Neuron Batching

Batching refers to the process of grouping multiple inference requests together and processing them as a group. Batching is typically used as an optimization for throughput at the expense of higher latency. Batching is usually implemented on a layer-by-layer basis, which allows for each set of weights in a given layer to be reused for each inference in the batch before needing to retrieve additional new weights. This enables Neuron to better amortize the cost of reading weights from the external memory (i.e. read weights from the memory once, and use them in multiple calculations), and thus improve the overall hardware efficiency.

The concept of batched inference is illustrated in the example below, with a single NeuronCore performing batched computation of a 3 layer neural network with a batch-size of 4. The NeuronCore reads weights from the external memory, and then performs the corresponding computations for all 4 inference-requests, before reading the next set of weights, thus better amortizing the cost of reading the weights from the memory.

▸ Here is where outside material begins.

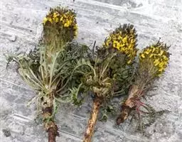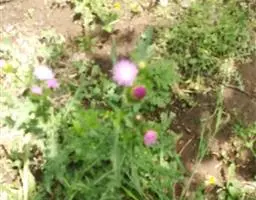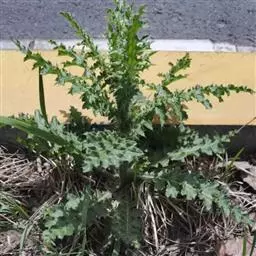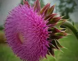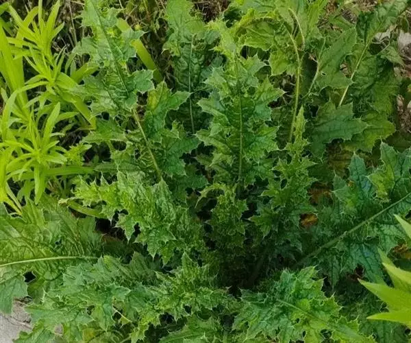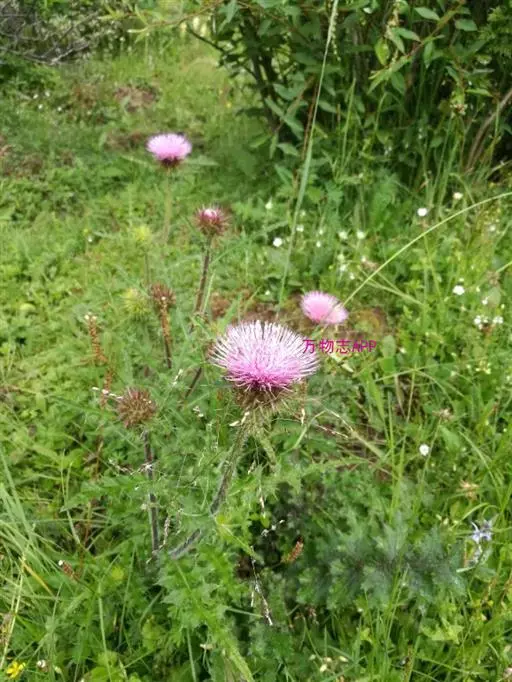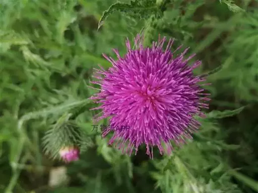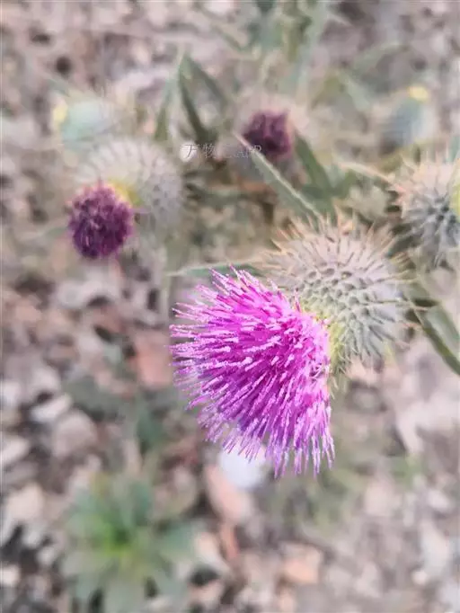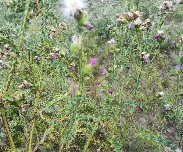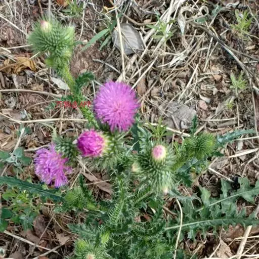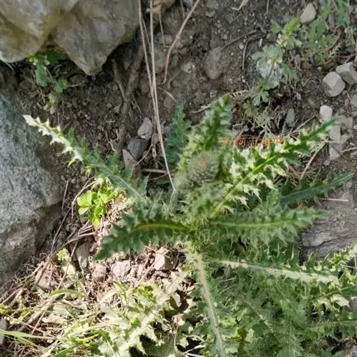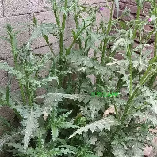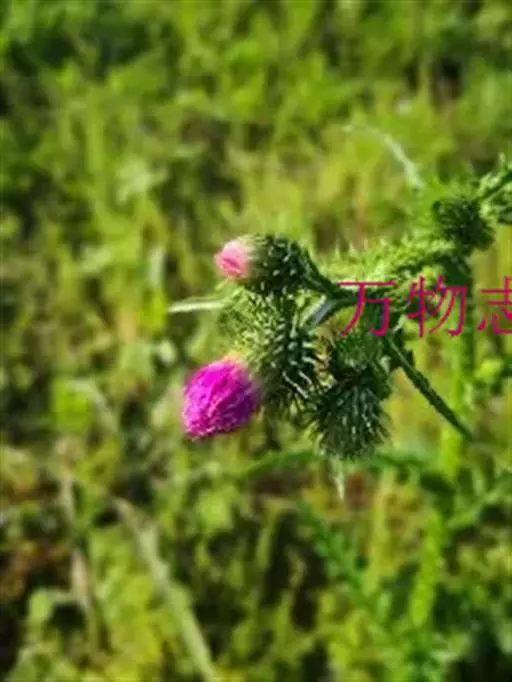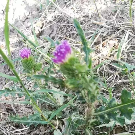 飞廉属菊科植物,为二年生或多年生草本植物,茎圆柱形,具纵棱,并附有绿色的翅,翅有针刺。叶椭圆状披针形,羽状深裂,裂片边缘具刺,头状花序干缩,总苞钟形,黄褐色,花紫红色,冠毛刺状,黄白色,气味微弱。

Neuron uses an ahead-of-time compiler, so to enable batching in Neuron, a model should be explicitly compiled for a target batch-size by setting the input-tensor batch dimension accordingly. Users are encouraged to evaluate multiple batch sizes, in order to determine the optimal latency/throughput deployment-point (which is model/application dependent).

During inference, dynamic batching can be used to process a larger client-side inference batch-size, and allow the framework to automatically break up the user-batch into smaller batch sizes, to match the compiled batch-size. This technique increases the achievable throughput by hiding the framework-to-neuron overhead, and amortizing it over a larger batch size. To enable dynamic batching in TensorFlow, user would set the argument dynamic_batch_size=True during call to tfn.saved_model.compile method.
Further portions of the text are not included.